Когда-то эстетические свойства наших зданий определяла церковь. Тогда честные, богобоязненные торговцы, строя дома, подражали храмам, возможно, руководствуясь практическими мотивами. Короли возводили себе монументы, а принцы — фамильные дворцы. Все они таким образом приносили благодарность Богу и демонстрировали ближним свое процветание. Тех, кто не строил ничего похожего, очень скоро стали называть скупыми атеистами — и в этом были едины дворянство, церковь и государство; подобные отщепенцы лишались друзей и всякой поддержки в сообществе. Я не думаю, что тоска по золотому веку — это какой-то атавизм. Огромные здания Малой Азии сохраняют свое поразительное величие даже в руинах, потому что они были возведены во славу истинной веры. Те желтовато-коричневые, красноватые развалины в лучах вечно палящего солнца… Мы могли почувствовать запах их древности, когда наша лодка скользила мимо, в жемчужную раковину могущественной египетской империи, к тому городу, который Гомер назвал «стовратными Фивами».
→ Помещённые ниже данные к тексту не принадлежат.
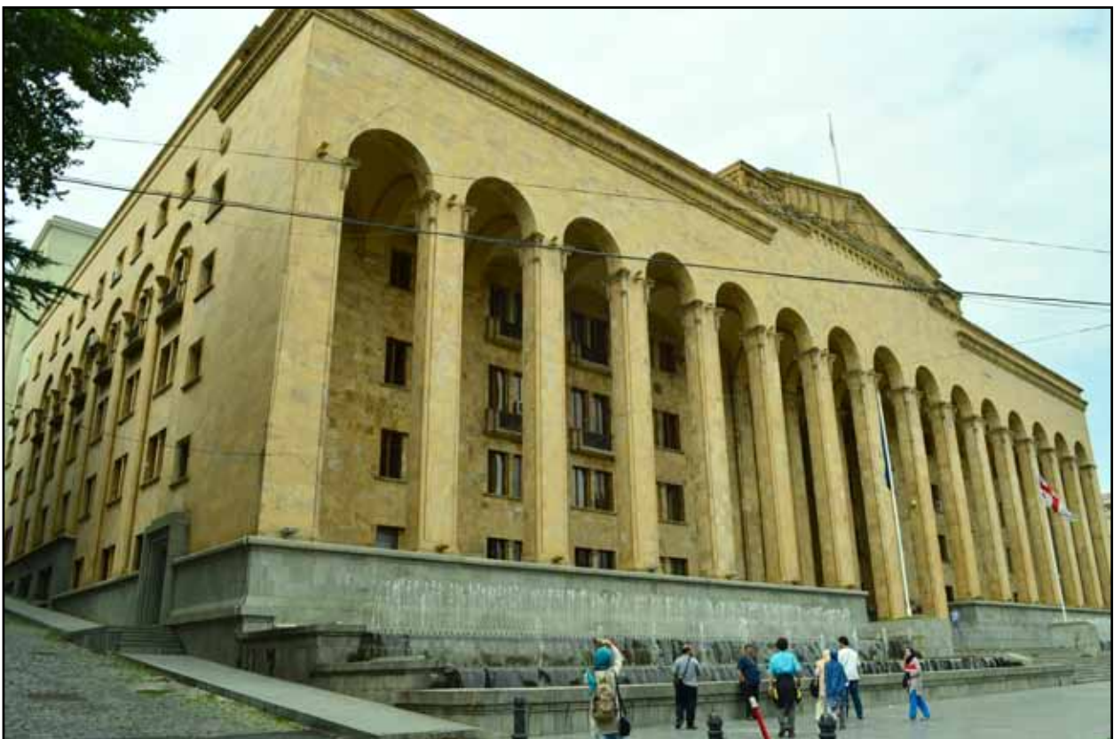
Fig.2. Provided space next to Rustaveli Avenue in Tbilisi indicating that these spaces have been created for the expression of authority of the state in the communist cities and social interaction had no place in it, Georgia. Photo: Zohre Shirazi, archive of NAZAR research center, 2013.

— Fons et origo, — подчеркивает Квелч, — fons lacrimarum!
[453]
А когда мы замечаем неброские гробницы или храмы, пятна камня среди ярко-красных холмов и желто-зеленых пальм, профессор с прежней насмешливостью добавляет: «Типично и невероятно живописно». Но я уже не верю в искренность этих насмешек. Я хотел бы понять причину его поведения. Думаю, дело в каком-то особом чувстве собственного достоинства, в квазирелигиозном понимании свободной воли — из-за них он не может признаться мне, почему так порочит этот мир, скрывая свои истинные чувства. Хотя, конечно, есть и что-то еще…
Квелч всячески показывал, что ему скучно, но мне Египет представлялся уникальным — это была почти иная планета. Она вечно удивляла меня своими горечавково-синими водоемами и отчетливыми охряными ранами ярко-желтых скал, изумрудных и нефритовых пальм и полей; бледными древними камнями, которые разрушаются под вечными ветрами, дующими из невообразимо далекого прошлого; высокими белыми треугольными парусами фелук; небольшими серо-коричневыми ослами и желтоватыми верблюдами на берегах; здоровыми детьми с кожей оттенка кофе с молоком, бежавшими вдоль реки, взывая к нам; женщинами в цветных вуалях, которые махали нам руками; улыбающимися мужчинами в фесках или тюрбанах. Квелчу все это казалось убогим, скучным или раздражающим; большую часть времени он проводил на палубе, перечитывая карманное издание «Симплициссимуса»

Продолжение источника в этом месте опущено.